Poesía callejera

Raphael de la ghetto

gmaps Pokhara
gmaps Pokhara

Alabadas sean gmaps y Maps.me (app de mapas offline que funciona genial sólo con gps, gracias primo por la recomendación).

Ambas nos salvaron el culo a la hora de poder localizar con tiempo prácticamente cualquier sitio y lanzarnos a desgastar las suelas de nuestras zapatillas recorriendo hasta la esquina más recóndita.

Y ya fuera pateándonos las calles o disfrutando de las vistas desde algún café bar, en Pokhara tuvimos múltiples ocasiones de quedarnos con retazos de varios de los poetas urbanos improvisados.

Resultaba curioso encontrarte con esas frases que reflexionan sobre la condición humana rodeados del contraste que supone el empuje turístico que la ciudad parece buscar de manera desaforada, y la falta de infraestructura.
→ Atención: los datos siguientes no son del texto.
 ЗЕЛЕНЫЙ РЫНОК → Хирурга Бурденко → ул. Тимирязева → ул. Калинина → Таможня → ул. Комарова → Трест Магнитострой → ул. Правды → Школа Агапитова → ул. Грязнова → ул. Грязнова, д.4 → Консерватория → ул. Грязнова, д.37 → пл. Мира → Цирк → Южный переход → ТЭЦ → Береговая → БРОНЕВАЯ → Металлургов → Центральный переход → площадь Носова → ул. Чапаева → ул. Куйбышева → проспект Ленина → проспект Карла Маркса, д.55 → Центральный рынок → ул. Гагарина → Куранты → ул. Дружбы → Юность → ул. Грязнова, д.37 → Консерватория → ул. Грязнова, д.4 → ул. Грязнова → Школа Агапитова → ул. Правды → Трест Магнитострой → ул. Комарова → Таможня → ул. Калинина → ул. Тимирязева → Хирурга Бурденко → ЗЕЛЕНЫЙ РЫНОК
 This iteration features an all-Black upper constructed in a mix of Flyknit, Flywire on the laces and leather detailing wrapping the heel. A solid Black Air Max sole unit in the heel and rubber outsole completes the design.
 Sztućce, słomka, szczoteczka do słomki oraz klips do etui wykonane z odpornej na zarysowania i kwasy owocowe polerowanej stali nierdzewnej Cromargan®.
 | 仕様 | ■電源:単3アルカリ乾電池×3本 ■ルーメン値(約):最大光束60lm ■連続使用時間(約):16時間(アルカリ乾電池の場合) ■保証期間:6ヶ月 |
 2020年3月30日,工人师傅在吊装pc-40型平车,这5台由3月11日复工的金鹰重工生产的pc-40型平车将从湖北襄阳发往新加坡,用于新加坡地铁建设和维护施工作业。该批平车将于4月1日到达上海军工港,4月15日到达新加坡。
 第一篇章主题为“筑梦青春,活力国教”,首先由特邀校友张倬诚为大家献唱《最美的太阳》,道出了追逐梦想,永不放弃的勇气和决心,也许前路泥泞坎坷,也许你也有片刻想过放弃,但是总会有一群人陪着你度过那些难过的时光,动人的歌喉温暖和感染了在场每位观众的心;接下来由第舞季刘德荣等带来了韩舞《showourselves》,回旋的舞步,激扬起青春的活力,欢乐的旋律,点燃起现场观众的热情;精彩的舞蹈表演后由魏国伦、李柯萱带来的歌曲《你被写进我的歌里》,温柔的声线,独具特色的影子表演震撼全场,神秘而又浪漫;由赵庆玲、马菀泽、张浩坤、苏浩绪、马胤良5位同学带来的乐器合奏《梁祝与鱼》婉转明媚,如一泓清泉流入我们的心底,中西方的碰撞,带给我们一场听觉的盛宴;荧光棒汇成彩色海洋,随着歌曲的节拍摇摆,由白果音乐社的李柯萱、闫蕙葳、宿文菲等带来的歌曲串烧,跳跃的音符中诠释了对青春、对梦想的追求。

Unas calles que daban cuenta de una recogida de basuras poco menos que desaparecida en combate y de cierta sensación de dejadez generalizada en algunos servicios que aquí damos por sentado.

Poesía callejera
Poesía callejera

También paseando por Kathmandú y Phnom Penh, de las que iré hablando más adelante, podías encontrarte pequeñas grandes piezas de arte en forma de graffitis sobre paredes que parecieran estar esperando un estornudo para derrumbarse.

Paredes que en ocasiones daban cobijo a personas en riesgo de exclusión social o que formaban parte de barrios en los que resulta patente la brecha en la distribución de riqueza y la falta de políticas que lo corrijan (mucho más pronunciado en Camboya que en Nepal).

No es algo que no veamos aquí mismo también, de cerca. Para muestra un botón, muy grande, con la manifestación esta mañana de miles de jubilados por las calles de las principales ciudades españolas reclamando pensiones dignas.